I bought used Yakima towers which don't have any padding on the hooks. I don't want to scrape any paint off above the doors and am looking for alternatives to cover the hooks. I used a pretty ghetto method of duct tape but that doesn't look like a good idea with the paint. Does anyone have any other not so ghetto solutions other than contacting Yakima?


----------



## Blind (Apr 5, 2011)

just wrap it with road bike grip tape, or an old tube.

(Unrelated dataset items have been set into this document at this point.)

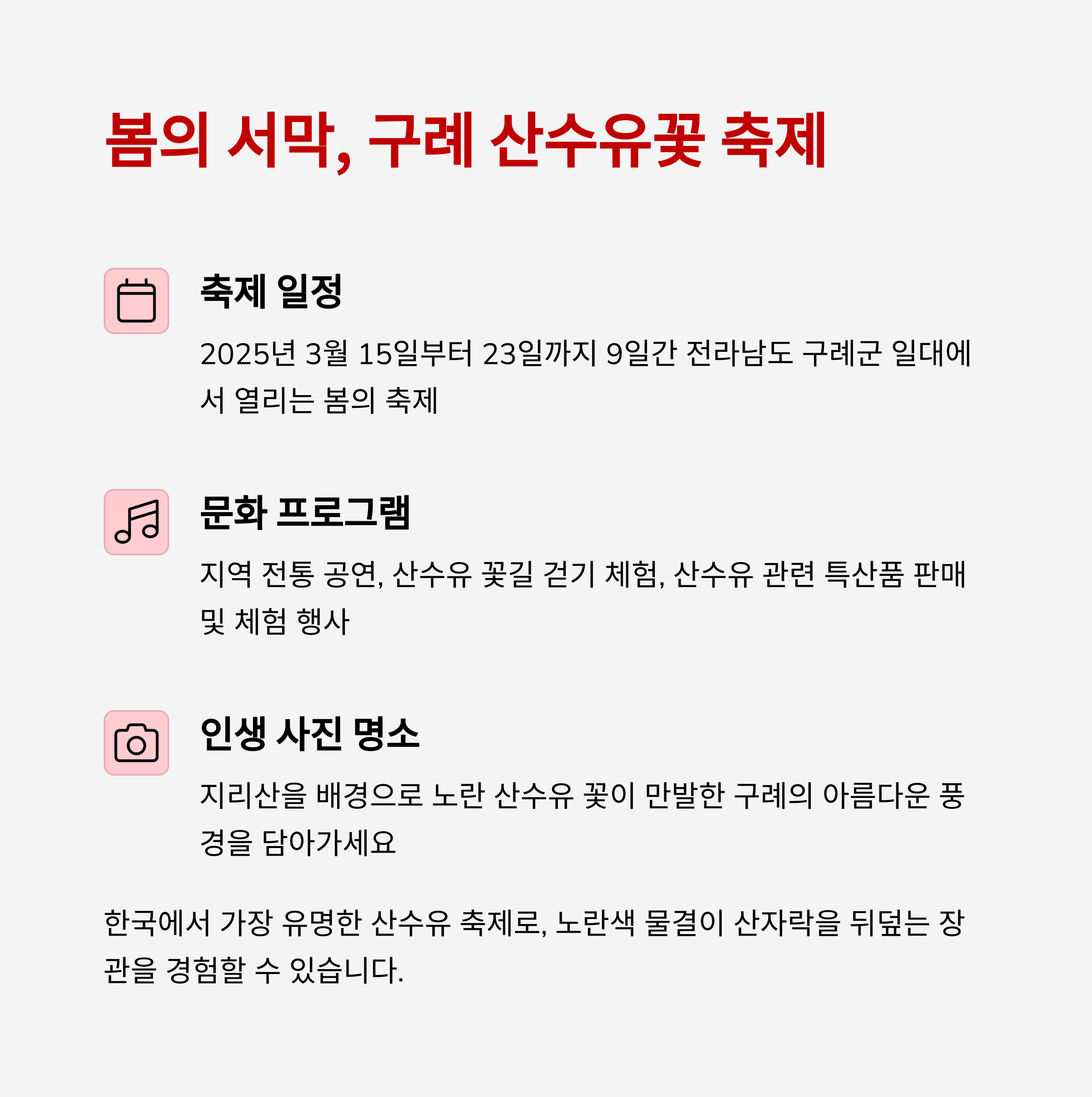 | 구례 산수유꽃 축제 일정 | 2025.3.15 ~ 2025.3.23 |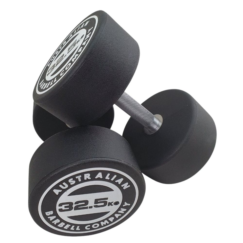This polyurethane dumbbell and barbell range features a sleek, one-piece design with fully knurled, straight hard-chrome handles on the dumbbells. The large, clear sizing and simple, clean aesthetic ensure both functionality and style.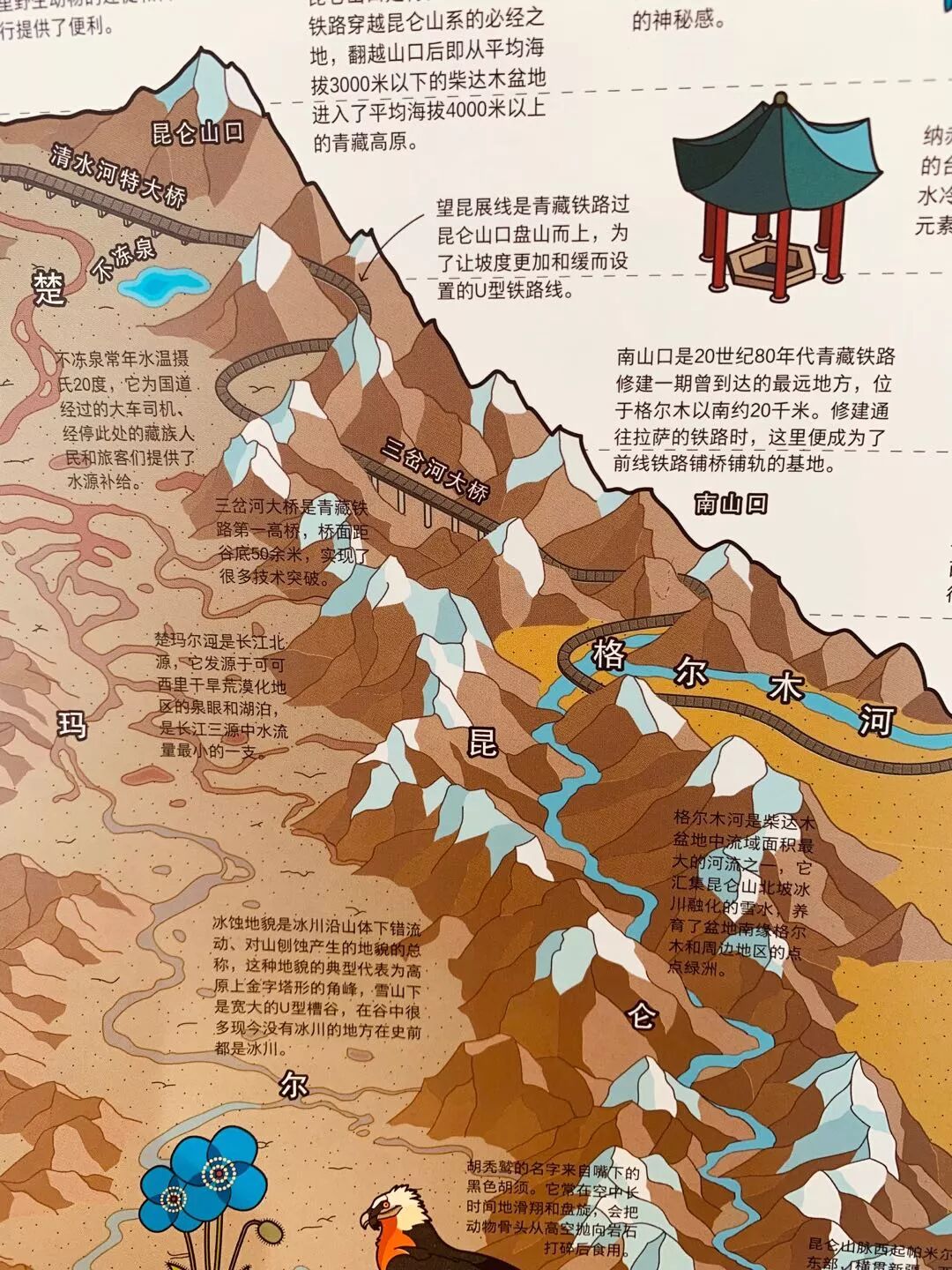 不仅能带孩子看美景,还能学到了超多知识。比如中国地形的三大阶梯、6大山脉、6大河流水系、珍稀动植物等……将来地理课、生物课必考的内容,竟然能这样边玩边学。

grip tape would be a few bucks for enough to do a lot of hooks

Nashbar Deluxe Handlebar Tape - Handlebar Tape


----------



## XJaredX (Apr 17, 2006)

Clear paint protection film, like the kind that installers put on the front clips of cars. The trick would be to find it in a small batch. I am bored at work, looking for a link...

The reason I recommend the protection film is because it's a lot thinner than like bar tape or something, which means the clamps have a better grip on the car.


----------



## XJaredX (Apr 17, 2006)

Here, get 4 square feet and go to town:

XPEL Technologies Corp.: Paint & Headlamp Protection Material By The Foot


----------



## dnlwthrn (Jan 26, 2006)

I got a container of Plasti-dip from the local hardware store and used that. No problems whatsoever in 2 years on the car. Now that I'm switching vehicles, I have to get different clips and will be doing the same. You'll want to do multiple coats of the stuff to build up some thickness, but its MUCH better than the little sticker things that come with the clips.

Plasti Dip Protective Coating Products | Plasti Dip Protective Coating Products | Rubber Dip Coating


----------



## Bakudan (May 19, 2011)

Did you actually dip it into the PlastiDip or did you spray it?


----------



## Inuitbiker (Mar 18, 2011)

PPF. paint protection film as suggested by XJaredX. Its pretty simple to use and there are tons of applicaton videos on Youtube.

Goto ebay and search for it. Make sure its at least 8mm thick. Brands are 3M, Venture, etc. Make sure to avoid the ebay seller from Lowell, Mass. He takes forever to ship because he runs out quickly.

Good luck. Hope this helps.


----------



## Bikeman09 (Sep 19, 2013)

U wrapnin nylon rope


----------